European markets ended lower on Friday, snapping a three-session winning streak, amid an escalation in trade tensions and the collapse of Brexit talks.

The confirmation from the U.S. government about its decision to delay tariffs on European auto imports for up to six months helped limit losses in the markets.

The pan European Stoxx 600 ended down 0.36%. Germany ended notably lower, with its benchmark DAX declining 0.58%. The U.K.'s FTSE 100 and France's CAC 40 shed 0.18% and 0.07%, respectively. Switzerland's SMI edged down marginally.

Markets in Austria, Belgium, Poland, Portugal, Netherlands, Italy, Sweden, Spain and Turkey also ended on the negative side.

Automobile stocks opened lower after data showed a notable drop in car sales in the EU in April. However, most of these stocks came off lower levels after the Trump administration officially announced that its decision to delay tariffs on car imports from EU for six months.

Shares of tour operator Thomas Cook plunged 30% this morning to record their lowest level since mid 2012 after analysts downgraded the stock following the company issuing its third profit warning in less than a year. It reported a hal-year loss of 1.5 billion sterlings. Citigroup said the firm's shares were "worthless".

Hikma Pharma, Standard Chartered, Ferguson, Hammerson and SSE ended lower by 2 to 2.5%.

EasyJet shares gained more than 5% after the company said it would meet its target this year despite a likely fall in revenue per seat due to tough trading environment in the second half. For the first half, the airline reported a pre-tax loss of $348.6 million.

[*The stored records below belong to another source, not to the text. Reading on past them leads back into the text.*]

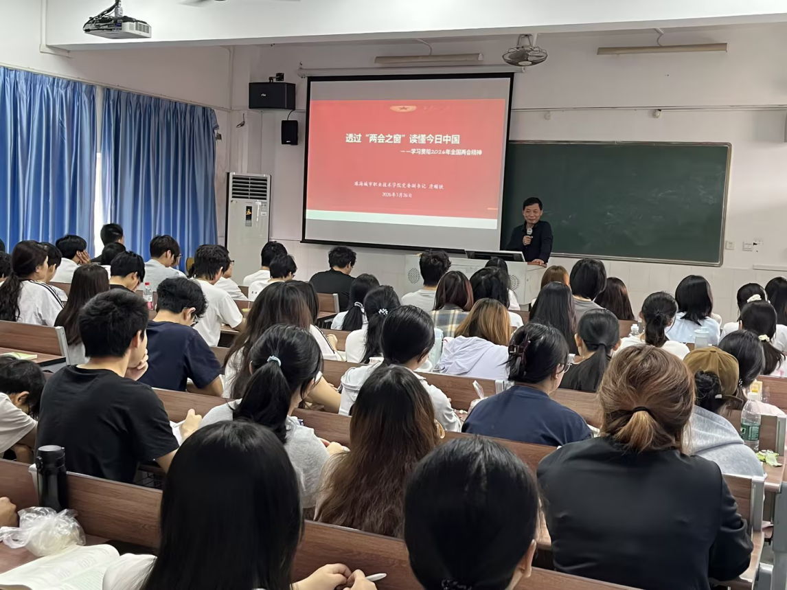 3月26日上午,校党委副书记唐顺铁走进崇文楼5602教室,为2025级云计算技术应用专业1班、工业互联网应用专业1班学生讲授了一堂题为“透过‘两会之窗’读懂今日中国——学习贯彻2026年全国两会精神”的思政课。
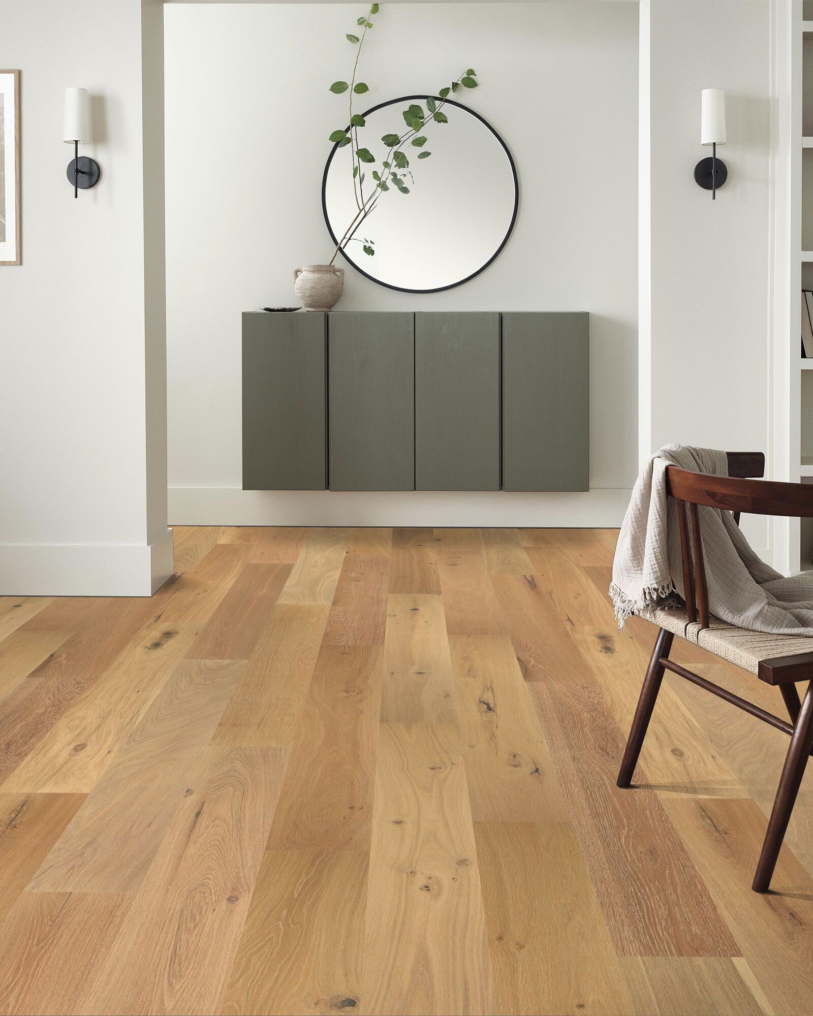 | Description | A raw finish brings forth the indigenous beauty of this white oak’s natural knots and grains. The Anderson Tuftex AA827 Natural Timbers Thicket Smooth Hardwood Collection features a smooth engineered hardwood from White Oak. It has a UV Aluminum Oxide finish and micro bevel edges. It can be installed on any level using a variety of easy to install methods like floating, glue or nail. Finished with a 50 year residential warranty. |
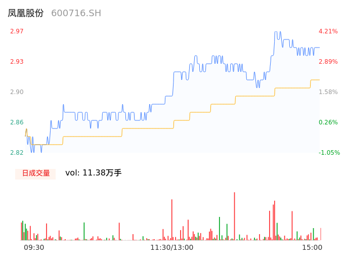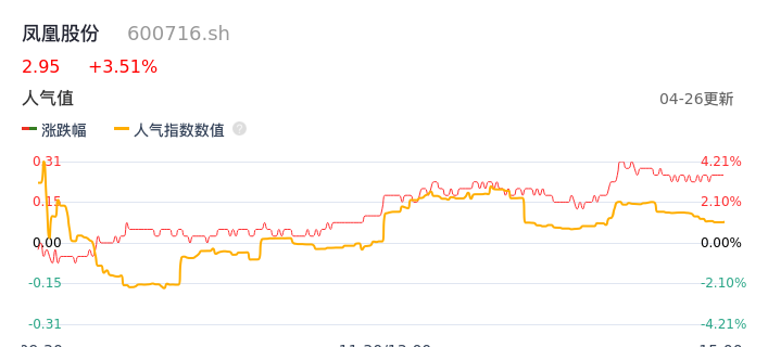 04月26日,凤凰股份收报2.95,股价涨幅3.51%,成交金额3307.14万元,换手率1.22%。
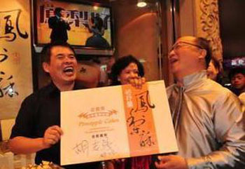 胡志強說,她的太太邵曉鈴就讀大甲鎮(zhèn)東陽小學,所以他也是大甲的女婿,今年裕珍馨參加2010菠蘿好酥獲獎后,他也因而認識了裕珍馨老板陳裕賢,知道他很用心制作,制作過程也很衛(wèi)生,所以主動要求為裕珍馨的產(chǎn)品代言,希望把好產(chǎn)品推銷給全世界的消費者。
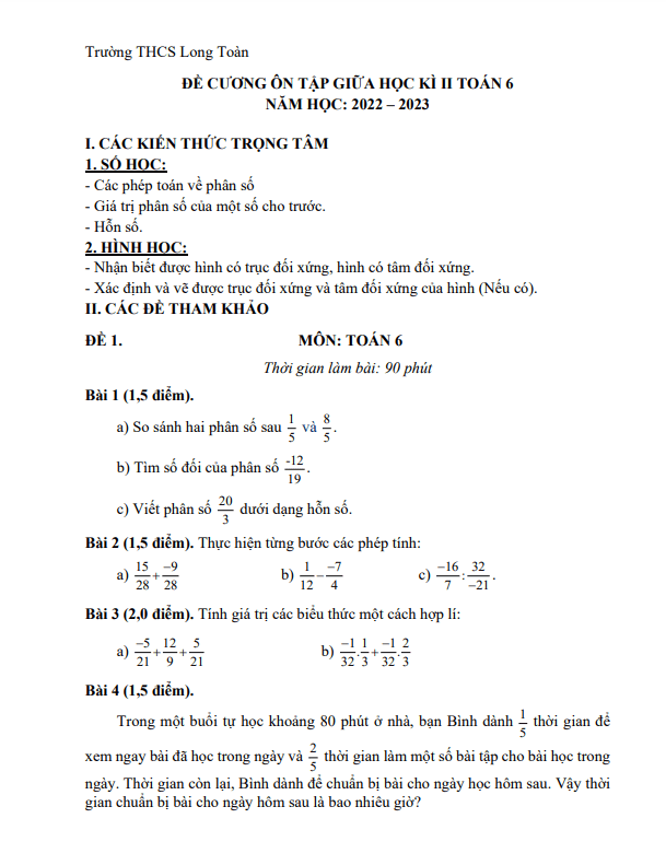 Đề cương giữa học kì 2 (HK2) lớp 6 môn Toán năm 2022-2023 trường THCS Long Toàn Bà Rịa – Vũng TàuSytu xin gửi đến quý thầy, cô giáo và các em học sinh lớp 6 đề cương ôn tập kiểm tra giữa học kì 2 môn Toán lớp 6 năm học 2022-2023 tại trường THCS Long Toàn, tỉnh Bà Rịa – Vũng Tàu.I. CÁC KIẾN THỨC TRỌNG TÂM:1. SỐ HỌC:- Các phép toán liên quan đến phân số.- Tính giá trị của phân số khi có số cho trước.- Hiểu về hỗn số.2. HÌNH HỌC:- Nhận biết và phân biệt hình có trục đối xứng và hình có tâm đối xứng.- Xác định và vẽ trục đối xứng, tâm đối xứng của hình (nếu có).II. CÁC ĐỀ THAM KHẢO (File WORD dành cho quý thầy, cô):Sau đây là danh sách các đề tham khảo thiết kế dưới định dạng Word dành cho quý thầy, cô giáo:- Đề tham khảo số 1: Phân số và giá trị phân số.- Đề tham khảo số 2: Hỗn số và phép tính liên quan.- Đề tham khảo số 3: Hình có trục đối xứng.- Đề tham khảo số 4: Hình có tâm đối xứng.HÃY NHỚ RẰNG NHIỆM VỤ CỦA BẠN LÀ VIẾT LẠI NỘI DUNG GỐC THEO TỪ NGỮ VÀ CẤU TRÚC CỦA BẠN. KHÔNG ĐỔI NỘI DUNG GỐC MÀ VIẾT RA MỘT NỘI DUNG MỚI KHÁC. HÃY NHỚ RẰNG NHIỆM VỤ CỦA BẠN LÀ VIẾT LẠI NỘI DUNG GỐC THEO TỪ NGỮ VÀ CẤU TRÚC CỦA BẠN. KHÔNG ĐỔI NỘI DUNG GỐC MÀ VIẾT RA MỘT NỘI DUNG MỚI KHÁC.
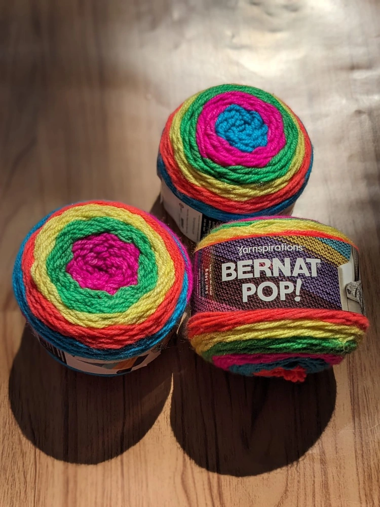Three skeins of Bernat Pop! yarn in the colour "Bugaboo Electrique." Regular prices in store are around $12-$15 each, but I'm selling all 3 for $25 Its very soft so iy would be great for kids sweaters; vibrant apparel like winter hats, scarves, and gloves; blankets; and shawls The yarn is brand new and never used or frogged, I bought it a few years ago and never got around to using it and don't see myself using it anytime soon so I must let go of it lol Either pick it up or I'm willing to ship it
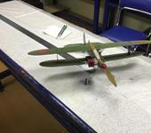Фотографий сборки к сожалению нет. В данной модели в разрезе с инструкций тяга руля высоты сделана наборной: проволока ОВС-деревянный шток-проволока ОВС, в связи с нЕвозможностью нормального полета с тягой только из проволоки( модель не держала горизонт, постоянно «гуляла» и т.п. С измененной тягой летит стабильно. Закрутка нижнего крыла произошла самопроизвольно примерно через пол года после сборки( перед сборкой вся фанера была винтом, что вызвало необходимость в исправлении путем пролива кипятком и последующей сушки под прессом). В инструкции предлагается использовать двигателя Мк-12, но такого в тот момент не было, как и Мк-16, поэтому установлен Мк-17. Винт деревянный, собственного изготовления.
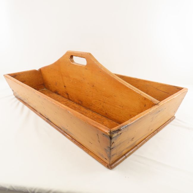 Antique Wood Hand Crafted Divided Carrying Tray - Lot size 27x15x10", 6.8 lbs Photos are part of description. (Live Auctioneers only shows a max of 20 photos). Please ask questions and read terms & conditions before bidding.
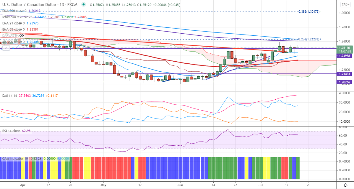 The pair surged more than 80 pips after the Bank of Canada monetary policy. The central bank has kept its rates unchanged and cut its weekly bond-buying program to C$2billion. The Bank of Canada downgraded its 2021 growth to 6.0% and revised its 2022 estimate to 4.6% from 3.7%. Markets eye Canadian ADP employment and US Philly Fed manufacturing for further direction. The minor sell-off in crude oil prices is preventing the pair from decline. It has taken support near 200-H MA and is currently trading around 1.24853.
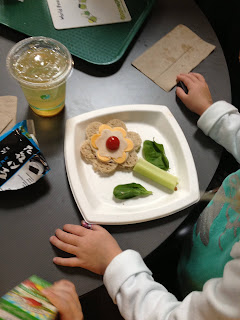 Afterwards we hit the food court and found a new cute very kid friendly restaurant I've been wanting to check out called Bean Sprout. They do super fun food like this flower. Dylan had a spider sandwich and Bryan had a peanut butter piano sandwich. Lots of laughs and fun!
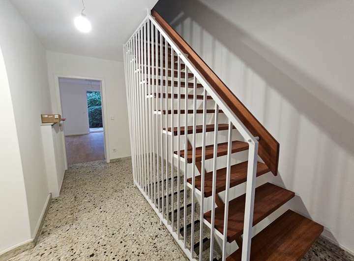 Die vollunterkellerte 4 Zimmer Doppelhaushälfte wurde 1964 in massiver Bauweise errichtet. Die Wohnfläche von ca. 110m² verteilt sich auf ca. 58,48m² Wohnfläche im Erdgeschoss und ca. 51,52m² Wohnfläche im Dachgeschoss. Die Immobilie wurde 2025 energetisch und optisch saniert und modernisiert. Bei diesen Arbeiten wurden u.a.

Provident Financial, TUI, Bunzi and Burberry Group were the other major gainers in the British market.

ArcelorMittal, down nearly 4%, was the biggest loser in France's CAC index.

Dassault Systemes, Sodexo, Total and Pernod Ricard gained 1 to 2%.

In Germany, Thyssenkrupp shares ended more than 6% down. BMW shed about 5%. Vonovia, Fresenius, Daimler, Siemens, Deutsche Bank, Infineon, BASF and SAP ended lower by 1 to 3.2%, while Adidas ended stronger by about 1.6%.

A report from European Automobile Manufacturers' Association on Friday showed new car sales dropped for an eighth consecutive month, declining by 0.4% in the EU in the month of April, compared to a year ago. In March, car sales were down 3.9%.

While demand for cars increased in Italy, France and Spain, sales were down in the U.K. and Germany.

Data released by Eurostat showed Eurozone's core inflation, which excludes prices of energy, food, alcohol and tobacco, accelerated in April at a faster than estimated pace to its highest level in two years.

Core inflation climbed to 1.3% in April, higher than the initial estimate of 1.2%. In March, the figure was 0.8%.

The consumer price index rose 1.7% year-on-year following a 1.4% increase in March, in line with its flash estimate. Headline Inflation was the highest since November, when prices rose 1.9%.

Another report from the statistical office said Eurozone construction output declined a calendar and seasonally adjusted 0.3% month-on-month in March, after a 3% rise in February. Output fell 1% in January.

Building construction declined 0.6%, while the growth in civil engineering eased to 0.4%.

On a yearly basis, construction production rose a calendar adjusted 6.3% year-on-year in March, following a 7.6% increase in the previous month, the report said.

Meanwhile, on the Brexit front, talks between Labour and the government aimed at breaking the Brexit impasse ended without an agreement today. Primer Minister Theresa May blamed the Labour Party's pro second referendum faction for failure of talks.